** WHAT NEEDS TO BE DONE **
Make an exact copy of the records, and keep the pictures out of it.

(Dataset items)
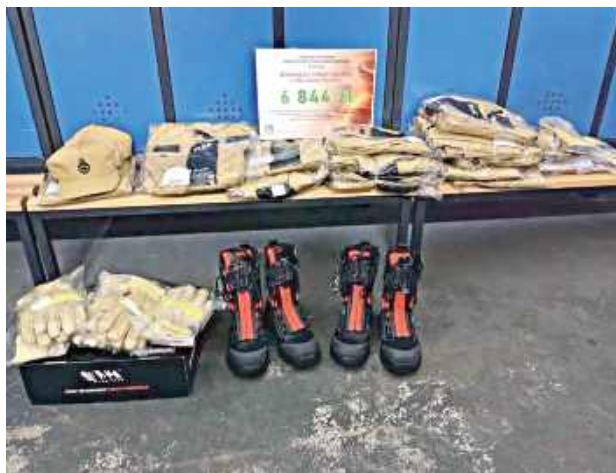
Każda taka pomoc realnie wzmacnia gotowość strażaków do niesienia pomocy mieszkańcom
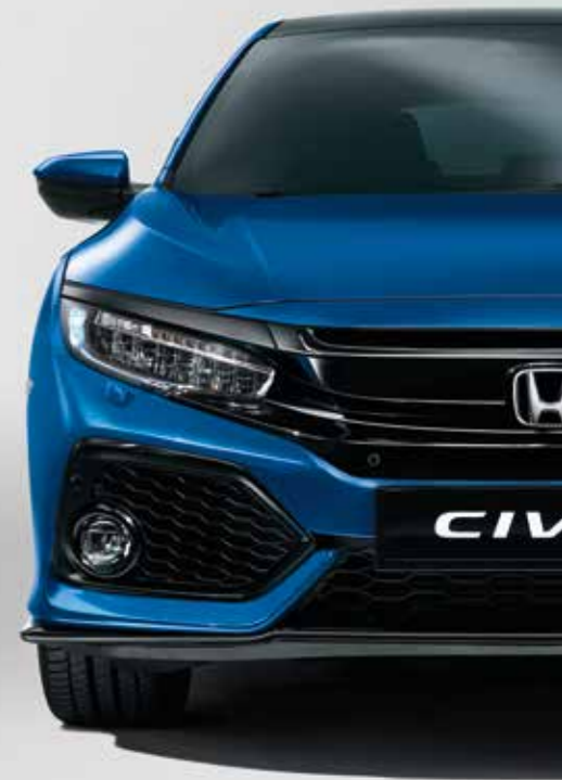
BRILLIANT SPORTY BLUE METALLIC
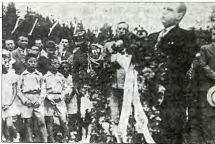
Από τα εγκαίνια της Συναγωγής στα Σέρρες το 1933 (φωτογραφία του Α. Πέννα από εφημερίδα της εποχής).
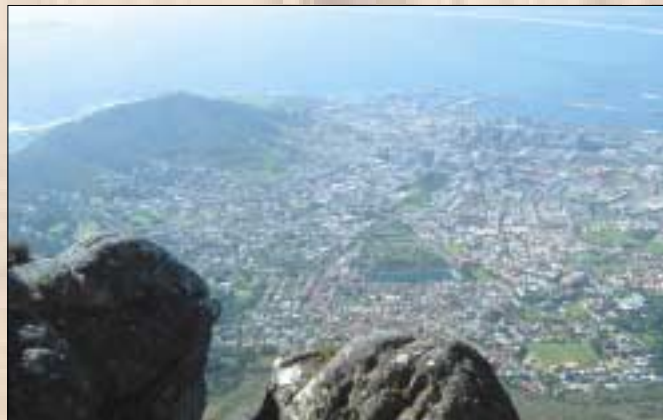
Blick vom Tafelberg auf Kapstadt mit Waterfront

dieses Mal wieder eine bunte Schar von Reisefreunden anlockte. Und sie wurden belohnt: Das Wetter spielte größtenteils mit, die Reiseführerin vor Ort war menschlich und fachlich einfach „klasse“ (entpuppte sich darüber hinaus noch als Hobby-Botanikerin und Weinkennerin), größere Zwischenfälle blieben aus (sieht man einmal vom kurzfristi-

** RESPONSE TO THIS EXERCISE **
Każda taka pomoc realnie wzmacnia gotowość strażaków do niesienia pomocy mieszkańcom
BRILLIANT SPORTY BLUE METALLIC
Από τα εγκαίνια της Συναγωγής στα Σέρρες το 1933 (φωτογραφία του Α. Πέννα από εφημερίδα της εποχής).
Blick vom Tafelberg auf Kapstadt mit Waterfront

dieses Mal wieder eine bunte Schar von Reisefreunden anlockte. Und sie wurden belohnt: Das Wetter spielte größtenteils mit, die Reiseführerin vor Ort war menschlich und fachlich einfach „klasse“ (entpuppte sich darüber hinaus noch als Hobby-Botanikerin und Weinkennerin), größere Zwischenfälle blieben aus (sieht man einmal vom kurzfristi-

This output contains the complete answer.